Первым двинулся Далин. Не спеша, с хищной грацией, он пересек зал и остановился возле Кати. Его золотисто-змеиные глаза, холодные и нечитаемые, скользнули с ее пылающей щеки на искаженное яростью лицо графини. Без единого слова, без тени усилия, он наклонился, подхватил Катю под руки и поставил на ноги, как пушинку. Его пальцы, обхватившие ее локоть, были тверды как сталь и холодны как могила. Он не отпускал, поддерживая, но этот жест был лишен всякой заботы – это был жест владения.
Затем он повернул голову к графине Элеоноре. Его голос, когда он заговорил, был тихим, ровным, но прорезал тишину как лезвие по льду:
«Графиня. Объясните. Что здесь происходит?»
Элеонора Вейлстоун, еще секунду назад пылавшая неистовым гневом, вдруг побледнела. Она поняла, что перегнула палку не просто перед дочерью, а перед ним.
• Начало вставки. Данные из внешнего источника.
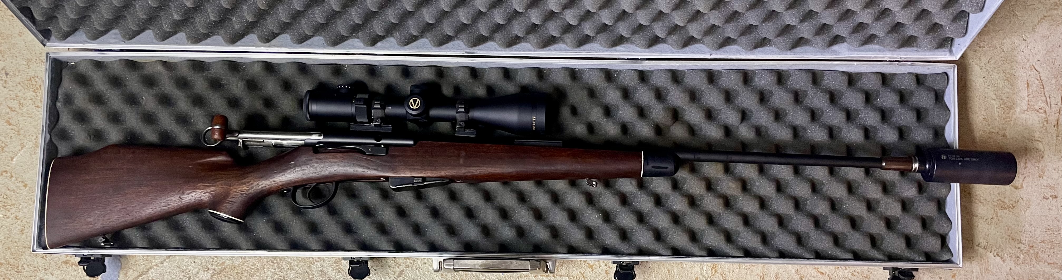 Auf dem einen Bild, auf dem Zielfernrohr und Schalldämpfer nontiert sind, könnt ihr sehen wie ich die Waffe Ausgerüstet hatte. Das ZF, der Schalldämpfer und der Gewindeadapter gehören nicht zur Auktion.

Перед драконом, который только что объявил ее своей собственностью. Она засуетилась, пытаясь придать лицу извиняющееся выражение, но получилась лишь жалкая гримаса.
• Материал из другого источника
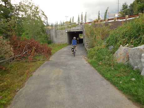 Rail Trail from Alewife Station in Cambridge to the wonderful tunnel at the redeveloped
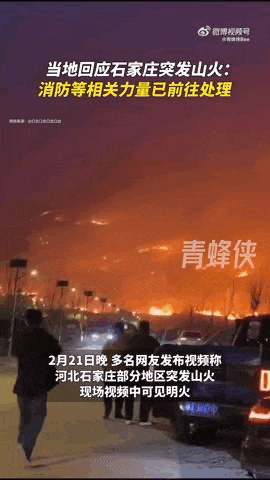 2月21日晚,多名网友发布视频称河北石家庄部分区域突发山火,现场视频中可见明火。

«Герцог Далин, я… я просто… учила дочь уму-разуму!» – залепетала она, голос дрожал от страха и подобострастия. «Она… она наговорила вам дерзостей! Я должна была…»
«Учить вы можете, графиня, – перебил ее Далин, его ледяной тон не изменился ни на йоту. – Кричать, ругать, даже, простите за прямоту, оскорблять. Это ваше право, как матери.» Он сделал микроскопическую паузу, и следующая фраза прозвучала как приговор: «Но прикасаться к МОИМ вещам – вы не можете.»
Слова «моим вещам» прозвучало с такой неоспоримой, первобытной силой, что даже граф Оливер содрогнулся. Себастьян замер, как вкопанный.
«Поэтому, – продолжил Далин, его взгляд скользнул по бледным лицам Вейлстоунов, – я начинаю сомневаться в безопасности… моего имущества… под этой крышей.» Он резко повернул голову к Луизе, стоявшей у стены, бледной как смерть, но неотрывно смотревшей на Катю. «Служанка. Собери вещи твоей госпожи. Все необходимое. Без излишеств. Катарина переезжает в мой замок. Немедленно. На правах невесты, под мою личную защиту.»
В столовой повисло ошеломленное молчание. Графиня ахнула, прижав руку ко рту. Граф открыл рот, но не смог выдавить ни звука. Себастьян остолбенел. Луиза лишь кивнула, слишком напуганная, чтобы говорить, и метнулась к двери.
Катя, все еще оглушенная пощечиной и поддерживаемая стальной хваткой Далина, почувствовала, как ледяной ужас сменяется волной протеста. Она не может туда! Рядом с ним, под его постоянным наблюдением! Как она будет учиться магии? Как скрывать свою истинную сущность?
«Нет!» – вырвалось у нее громко, резко, прежде чем она успела подумать.
Все головы, как по команде, повернулись к ней. Взгляды графа и графини – шокированные и злобные, Себастьяна – насмешливо-изумленный. Взгляд Далина – ледяной, бездонный, полный предупреждения. И только глаза Луизы, остановившейся у двери, стали вдруг невероятно широкими. Она смотрела не на Катю, а чуть выше, на плечо Далина.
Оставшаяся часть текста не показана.